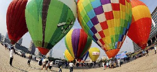 热气球从八大峡广场腾空而起。李紫恒 摄
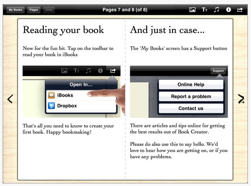 Book Creator has many options and working with it has options to create your own textbook using its many tools. Although not interactive allowing movies embedded in the book, it does provide a published look to it. Not quite as polished as the final product of Story Buddy 2 due to their choices of backgrounds and picture presentation, but Book Creator provides the ability to one touch open the finished product in iBooks, or Free Books app for viewing which worked immediately. I was able to view my book in iBooks with audio working and the ability to read the text using the speak text feature of iOS5. When sent to iBooks this text is unable to be altered but also unable to easily be trashed or deleted by a student unless they perform an edit in iBooks.
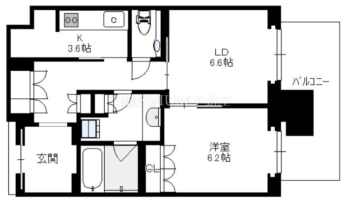 間取り 1LDK(洋6.2 LD6.6 K3.6)
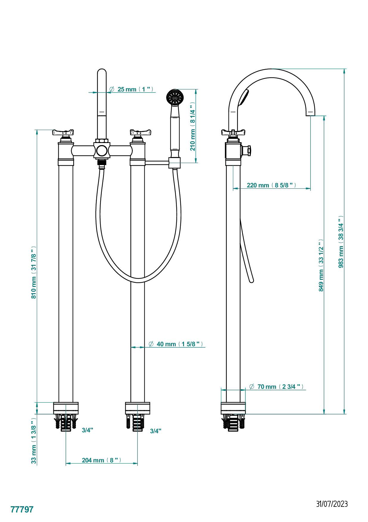 Смеситель для ванны THG Hamptons, напольный, с душем подключение вертикальное коллекции Смесители THG Hamptons можно купить по розничной цене в нашем шоу-руме в Москве по адресу ул. Дениса Давыдова, д. 4 или через наш интернет-магазин StudioArdo.

## Exercise
In your answer, repeat the material above in full, exactly, and without its pictures.

## Output for this task
 热气球从八大峡广场腾空而起。李紫恒 摄
 Book Creator has many options and working with it has options to create your own textbook using its many tools. Although not interactive allowing movies embedded in the book, it does provide a published look to it. Not quite as polished as the final product of Story Buddy 2 due to their choices of backgrounds and picture presentation, but Book Creator provides the ability to one touch open the finished product in iBooks, or Free Books app for viewing which worked immediately. I was able to view my book in iBooks with audio working and the ability to read the text using the speak text feature of iOS5. When sent to iBooks this text is unable to be altered but also unable to easily be trashed or deleted by a student unless they perform an edit in iBooks.
 間取り 1LDK(洋6.2 LD6.6 K3.6)
 Смеситель для ванны THG Hamptons, напольный, с душем подключение вертикальное коллекции Смесители THG Hamptons можно купить по розничной цене в нашем шоу-руме в Москве по адресу ул. Дениса Давыдова, д. 4 или через наш интернет-магазин StudioArdo.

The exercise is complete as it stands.